As to the "rent" the defendant testified on direct examination that it amounted to $65 per month. Under cross-examination he explained his answer. It developed that the house in which he and his family lived had belonged to his wife since 1951; that it was free and clear; that the $65 per month was the sum paid his wife's parents, who gave them the money to buy the house; that the last time the payment had been made was "a year and a half ago." When it was argued to the trial judge that no allowance should be made for rent, in view of this evidence, he stated: "I know, but rent is a necessary item that everybody pays." Of course this is not so, and it was not so in defendant's case. His wife's parents were at most general creditors, and any payment made to them was not for rent, and should not have been included among the items that made up the total necessary for the use of defendant's family.

As to the dentist bill, the defendant on direct, in response to the question: "Did you have any medical bills for the period thirty days prior to September 11th, the date of the levy?" replied "I had a dental bill for $195.00." Then these facts came out on cross-examination: shortly before the levy the defendant took his son to a dentist to have two of his front teeth fixed; the dentist "quoted me $195 for the job. The payments are only $22.00 each month"; the work has not yet been done. The defendant produced a bill from the dentist for October; the amount was $22.
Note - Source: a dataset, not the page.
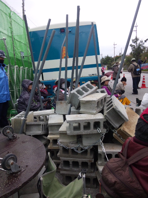 取り払われたブロックは機動隊隊長の命により2~300メートルほど離れたメインゲート前の座りこみテントの前まで運ばれた。それでもめげずにさらに多くのブロック、木材、ビニールの網などを集め、さらに強固なバリケードが築かれた。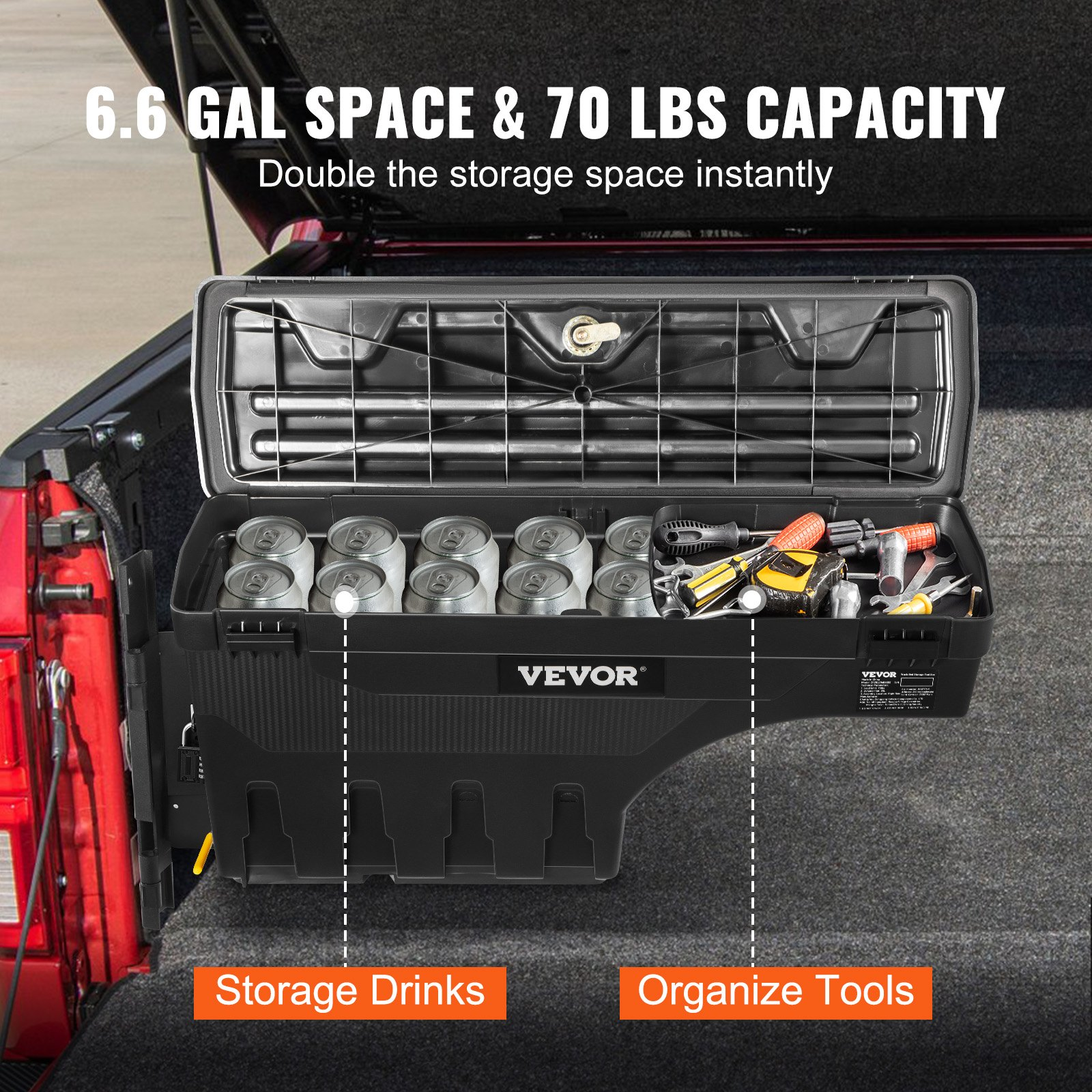 (FINAL PRICES ARE LOWER ON OUR SITE!) VEVOR Truck Bed Storage Box, Lockable Swing Case with Password Padlock, 6.6 Gal/25 L ABS Wheel Well Tool Box, Waterproof and Durable, Compatible with Ford F-150 2015-2021, Drivers Side

[3] The effect of the testimony, direct and cross, was not to create a conflict in the evidence that authorized the trial court to believe the first statements, and to disregard the explanations that demonstrated that the first were erroneous [151 Cal. App. 2d Supp. 851] conclusions. In such a situation, the appellate court is not bound by the choice made by the trial judge. Wenban Estate, Inc. v. Hewlett (1924), 193 Cal. 675, 693 [227 P. 723]; Gardiner v. Holcomb (1927), 82 Cal. App. 342, 350 [255 P. 523]; Barton v. McDermott (1930), 108 Cal. App. 372, 380 [291 P. 591]; Baker v. Industrial Acc. Com. (1933), 135 Cal. App. 616, 624 [27 P.2d 769, 772]; Gamberg v. Industrial Acc. Com. (1934), 138 Cal. App. 424, 427 [32 P.2d 413, 414, 415].

[4] At the conclusion of the hearing the trial court announced that it was going to allow the exemption in full, stating "This man's expenses are over $570 per month." They totaled $570.50, if the item of $65 for rent and the dentist bill for $195 are included. Eliminating the former and reducing the latter to the sum actually due each month, $22, brings the total to $332.50. The release of all of the earnings was clearly not warranted.

[5] A question remains, calling for the exercise of our discretion. We may modify the order appealed from to provide that all but $120.03 should be released, or we may simply reverse the order for a rehearing before the trial court. We have determined that the latter course is most likely to achieve justice, under the law, in this case. We are led to this conclusion because in much of his testimony the defendant evinced great uncertainty. We are unwilling to stand upon his present figures. Moreover, if they are approximately correct, the parties will recognize the uselessness of further hearing, and the matter will be ended.

The order is reversed for a new hearing in the trial court.

Swain, J., and Kauffman, J., concurred.